Outlook for the Henkel Group 2012

We expect the Henkel Group to generate organic sales growth of between 3 and 5 percent in fiscal 2012.

We are confident of continuing the positive growth trend posted by our consumer goods businesses, with revenues expanding in the low single-digit percentage range.

For the Adhesive Technologies business sector, we expect sales to grow in the mid-single-digit percentage range.

We base this prediction on our strong competitive position. This we have consolidated and fur- ther extended in recent years through our innovative strength, our strong brands, our leading market presence and the quality of our portfolio.

In recent years we have introduced a number of measures that have had a positive impact on our cost structure. And in this year too, we intend to further adapt our structures to the constantly changing market conditions as a continuation of our commitment to strict cost discipline.
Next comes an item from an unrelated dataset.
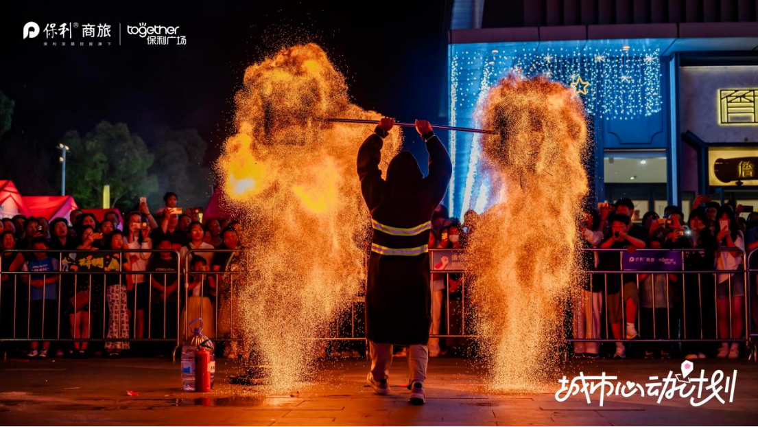图丨在保利广场,非遗打铁花吸引游客驻足欣赏
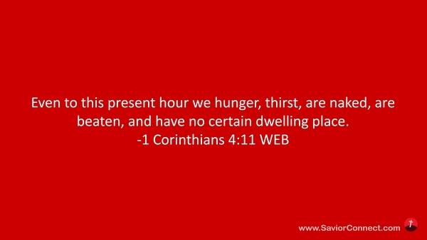Even to this present hour we hunger, thirst, are naked, are beaten, and have no certain dwelling place. -1 Corinthians 4:11 WEB

We also intend to counteract the burden on earnings caused by high raw material costs.

These factors, together with the expected increase in sales, will positively influence our earnings development. Based on our 2011 results, we anticipate achieving an increase in adjusted1 return on sales (EBIT) to 14 percent (2011: 13.0 percent) and an increase in adjusted earnings per preferred share of at least 10 percent.

We also expect the following development in 2012:

  • Increase in the prices for raw materials, packaging, contract manufacturing and traded goods in the mid-single-digit percentage range.
  • Restructuring charges of around 100 million euros.
  • Investments in property, plant and equipment of around 410 million euros.
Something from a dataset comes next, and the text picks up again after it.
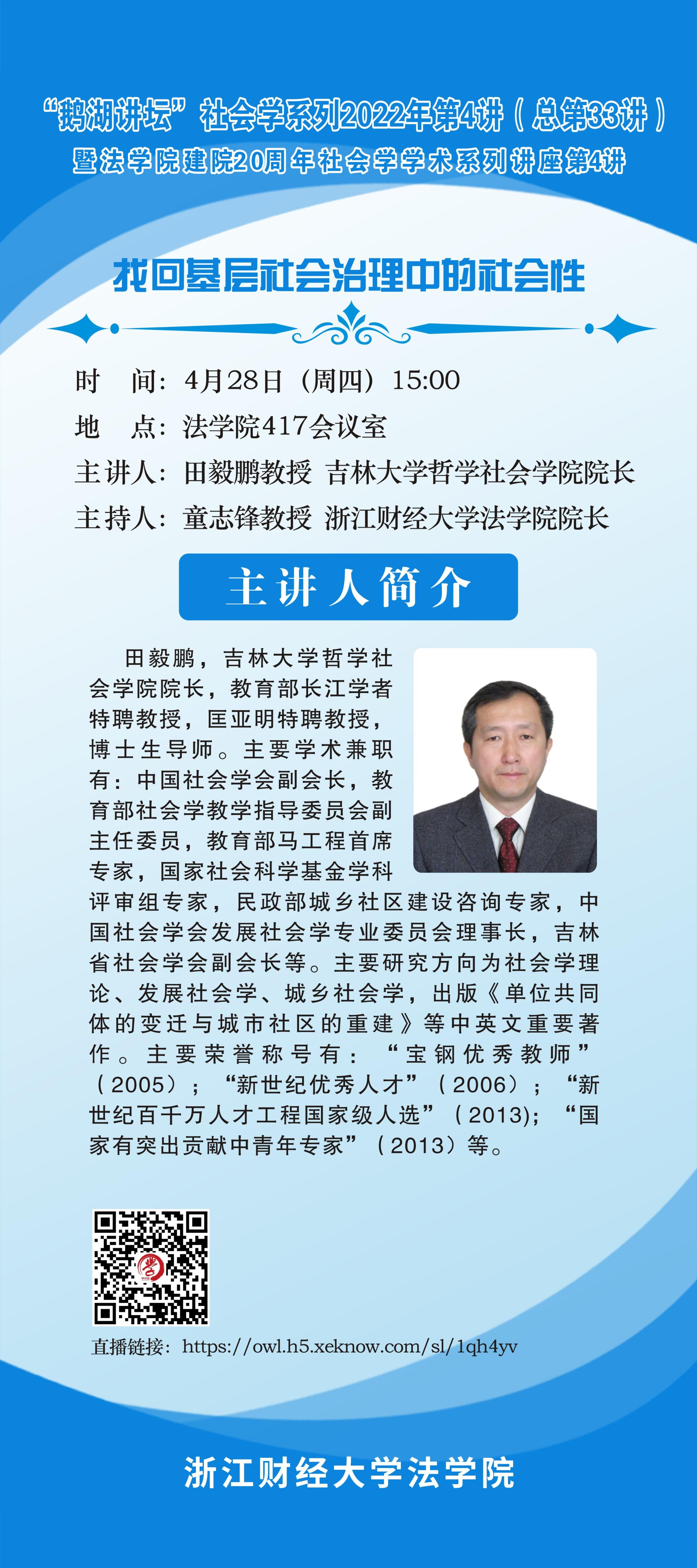 “鹅湖讲坛”社会学系列2022年第4讲暨在线漫画 建院20周年社会学学术系列讲座第4讲吉林大学田毅鹏教授

Further specific expectations are discussed in the individual business sector reports in our annual report 2011.


Financial targets for 2012

Annual organic sales growth (average)

 3-5 %

Adjusted return on sales (EBIT) 

14 %

Annual growth in adjusted earnings per preferred share (average)

> 10 %


Dividends

In keeping with our financial strategy, the dividend payout should be around 25 percent of net income attributable to shareholders of Henkel AG & Co. KGaA. Based on the anticipated increase in earnings, we therefore expect to further increase dividends paid for 2012.

Capital expenditures

We are planning to increase our investments in property, plant and equipment to around 410 million euros in 2012. In so doing, we will be increasing our focus on investment in our emerging markets. For structural reasons, the majority of our capital expenditures will be in Europe and North America.

Major investments in production facilities for the manufacture of innovative products are planned for the business sectors Laundry & Home Care and Cosmetics/Toiletries. Another major area lies in production plant optimization and capacity expansion. The focus of our Adhesive Technologies business sector in 2012 will be on consolidating and rationalizing our production footprint. As part of this process, in 2011 we laid the foundations in China for the construction of our largest industrial adhesives production facility worldwide. In the emerging markets of Eastern Europe and South America, our investment activities will concentrate on expanding production capacity.
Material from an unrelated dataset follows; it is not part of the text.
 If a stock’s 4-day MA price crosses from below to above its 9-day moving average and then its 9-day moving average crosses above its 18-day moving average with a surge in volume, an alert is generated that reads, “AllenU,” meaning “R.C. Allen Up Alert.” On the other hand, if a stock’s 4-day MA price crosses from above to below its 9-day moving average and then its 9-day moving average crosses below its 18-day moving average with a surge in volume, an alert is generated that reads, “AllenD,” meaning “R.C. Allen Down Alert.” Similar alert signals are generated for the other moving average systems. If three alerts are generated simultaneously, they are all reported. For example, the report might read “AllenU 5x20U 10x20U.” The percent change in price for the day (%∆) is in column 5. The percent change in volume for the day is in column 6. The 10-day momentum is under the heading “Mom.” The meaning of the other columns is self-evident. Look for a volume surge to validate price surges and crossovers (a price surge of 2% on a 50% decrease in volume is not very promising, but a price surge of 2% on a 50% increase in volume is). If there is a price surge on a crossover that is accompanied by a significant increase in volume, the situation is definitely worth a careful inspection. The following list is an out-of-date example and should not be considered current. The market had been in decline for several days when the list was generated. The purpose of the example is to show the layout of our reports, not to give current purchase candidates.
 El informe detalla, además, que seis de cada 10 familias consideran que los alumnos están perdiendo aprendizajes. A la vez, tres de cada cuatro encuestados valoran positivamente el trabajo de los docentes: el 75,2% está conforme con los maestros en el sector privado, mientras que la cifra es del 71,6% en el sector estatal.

Acquisitions, financing and liquidity

We plan to further reduce our net debt in fiscal 2012. We intend to maintain a sufficient balance of liquid funds in order to enhance our financial flexibility. We are further aiming at renewing the credit line, which expires in 2012, safeguarding our commercial paper program.

Thanks to continuing good business performance and our improved financial profile, we regained our target ratings of “A flat” (Standard & Poor’s) and “A2” (Moody’s) in the second quarter of 2011. Looking forward we intend not to jeopardize our target ratings in the long term when assessing possible acquisitions.

Post-2012 outlook

Diligent pursuit of our strategic priorities formulated in 2008 has led to a significant improvement in our key financials, with the trend remaining upward. We will again be aiming to achieve profitable growth in 2013. We will be presenting specific financial targets for the years after 2012 at the end of fiscal 2012.